Le compte a fonctionné plus de triangle  les messages arrivent mais je ne peux pas répondre ni envoyer de message
Et c'est identique pour les deux comptes l'un a smtp la poste et l.autre orange mais aucun ne fonctionne en envoi...

Pffff c'est galère  et ce truc qui tourne maintenant en permanence dans la boîte d'envoi a côté de message envoyé .....

Il vous reste un petit conseil dans votre boîte a malice ?:rose:


----------



## ntx (13 Novembre 2012)

ntx a dit:


> Par exemple sur une Freebox, il ne faut pas oublier de débloquer le port pour accéder à un SMTP autre que celui de Free.


A voir quelle est la politique d'Orange sur ce point ?

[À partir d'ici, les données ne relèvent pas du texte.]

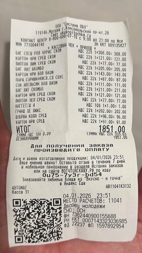 Впервые сталкиваюсь с таким хамством во вкусно и точка. Началось всё с грязного пола в туалете, запаха мочи и валяющейся на полу картошки, а закончилось оставшей вялой едой и неоднократным хамством со стороны персонала. Сразу после закрытия, нас начали выгонять, под предлогом того, что мы уже доели (цитирую: "Ну, как я вижу, вы уже поели и просто болтаете сидите, мы закрыты уже, уходите из заведения"), но это было не так. Спустя минут 5-7, когда мы действительно доели, пошли к двери, которая была закрыта. Попробовав открыть дверь сначала в одну сторону, а потом в другую, на нас начали кричать, что мы сломаем им дверь и до конца жизни мы за неё не расплатимся. Прикрепляю фотографии грязного пола с картошкой, чека заказа. Фотографировать туалет не стал, увы
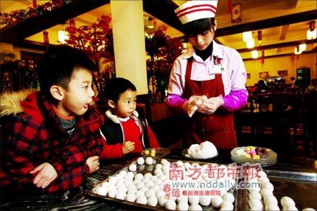 傳統(tǒng)湯圓的做法讓小孩感到新奇

Vérifie le numéro de port du SMTP. Pas de firewall trop restrictif ?


----------



## mo7 (13 Novembre 2012)

Bonsoir,
Au début j'avais le port 995 mais comme l'IPad il y avait port par défaut j'ai remis ça ...


----------



## ntx (13 Novembre 2012)

ntx a dit:


> Pas de firewall trop restrictif ?


----------



## mo7 (13 Novembre 2012)

ntx a dit:


>



Oups  :rose:
desolée, je ne sais pas comment on voit ça sur Mac  je ne m'en sers pas souvent, et je n'ai pas encore appris a mettre les mains "dans ce genre de moteur" 
Et d'ailleurs si vous avez un topic ou on apprends je suis preneuse....:love:


----------



## ntx (14 Novembre 2012)

Vous n'avez pas installé Little Snitch ou quelque chose dans le même genre ?


----------



## mo7 (14 Novembre 2012)

Il faut que je demande a mon fils si il a installé qq chose, comme c'est lui qui a installé pour mon mari, et qu'à. Cette époque je ne voulais pas changer de système, je ne m'en suis pas du tout occupée, pour me convertir on m.a offert pour mon anniversaire unIPad. Puis un. IPhone,
(Oui oui j'ai été bassement achetée) :love: 
Bon. Tout ceci pour dire que je.  Suis venue aMac par la bande, et que maintenant tout est a acquérir,  je n.ai aucune base. 
Si vous avez des topics d'apprentissage  je suis preneuse,


----------



## Anonyme (14 Novembre 2012)

mo7 a dit:


> Si vous avez des topics d'apprentissage  je suis preneuse,


Bonsoir,

http://www.debutersurmac.com/tutoriels/accueil.html

http://www.osxfacile.com

http://www.rhinos-mac.fr


----------



## mo7 (15 Novembre 2012)

Merci Renaud


----------